NEW DELHI (Reuters) - U.S. authorities have downgraded India’s aviation safety rating, citing a lack of safety oversight, meaning Indian carriers cannot increase flights to the United States and face extra checks for existing ones.
The Indian government said it expected to resolve by March all concerns raised by the U.S. Federal Aviation Administration (FAA), including appointing an adequate number of flight operation inspectors, and would approach the U.S. regulator for a review of its decision.
“The FAA has determined that India at this time is not in compliance with the international standards for aviation safety oversight,” the U.S. regulator told India in a communication, extracts of which were released by the Indian aviation ministry.
Jet Airways (JET.NS) and state-run Air India AIN.UL, the only two carriers that fly from India to the United States, would be impacted by the downgrade. Air India has 21 weekly flights between India and the United States, Jet has seven.
Jet Airways shares closed 3.7 percent lower after the news in a Mumbai market that ended 0.3 percent higher.

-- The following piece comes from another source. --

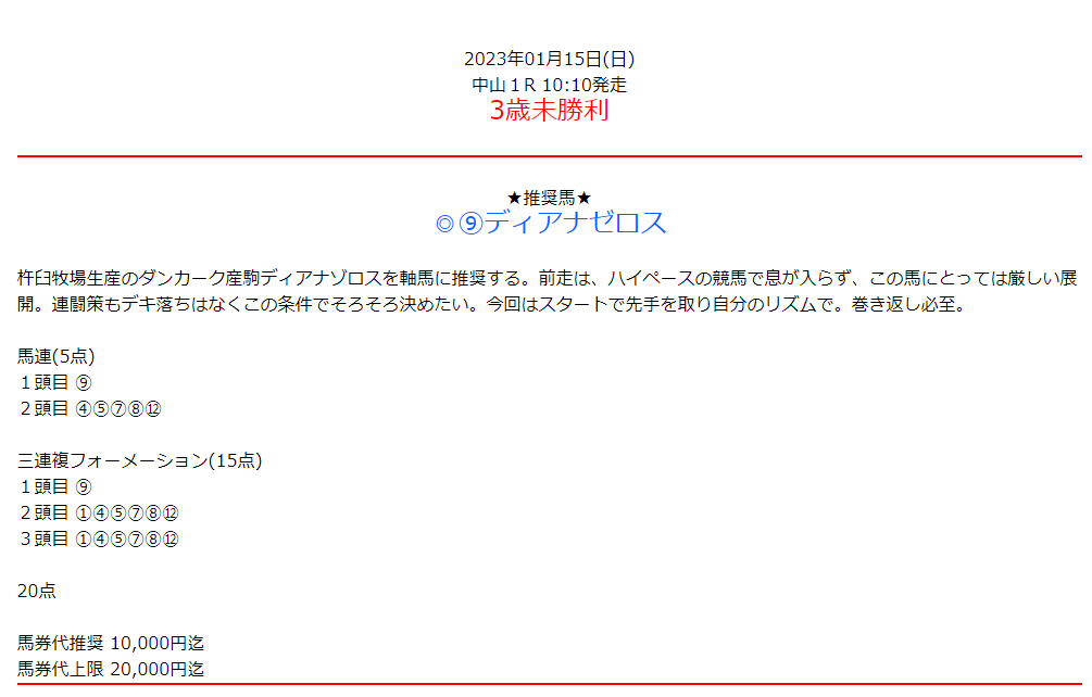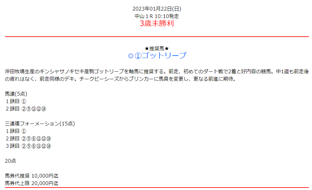 この情報のまんま買いました! 馬連も3連複も的中しました!! 5番人気だったからオッズもおいしかったです\(^o^)/

“It’s very disappointing and also surprising,” Indian Aviation Minister Ajit Singh told a news briefing on Friday after the FAA told Indian authorities that it was downgrading the country to Category 2 from Category 1.
“In our view, 95 percent of all the issues raised have been solved,” Singh said, adding they would address all of FAA’s concerns by March.
India joins countries such as Indonesia, the Philippines and Bangladesh who have a Category 2 rating. As on November 22, the FAA kept 81 of the 96 countries reviewed in Category 1.
Amber Dubey, head of aerospace and defense at consultancy KPMG’s Indian unit, said safety regulators in some other countries may follow suit after the FAA downgrade, which would then affect carriers like IndiGo and SpiceJet (SPJT.BO) who have flights to Asian and Middle Eastern countries.
“FAA’s downgrade typically has a domino effect,” Dubey said.
The European Aviation Safety Agency said on Friday it was closely monitoring operations by non-European Union airlines but so far had “no major concerns” with regard to India.
Airlines from countries rated Category 2 can continue operations at current levels under “heightened FAA surveillance”, but cannot expand or change services to the United States, as per rules of the FAA’s International Aviation Safety Assessments (IASA) programme.
State-run Air India currently does not have any plan to increase flights between India and the United States, Prabhat Kumar, head of India’s aviation regulatory body, told reporters.
Jet Airways, which last year sold a 24 percent stake to Abu Dhabi’s Etihad and is expanding its international flights, did not reply to an email seeking a comment.
The FAA, which periodically reviews air safety preparedness of different countries, audited the Indian aviation regulator in September and December last year and had raised issues including lack of adequate number of flight inspection safety officers and training of officers who certify a plane is airworthy.
India had earlier this week approved appointing 75 officers in a bid to avert a downgrade and said it had addressed 29 of the 31 issues raised by the FAA’s safety audit.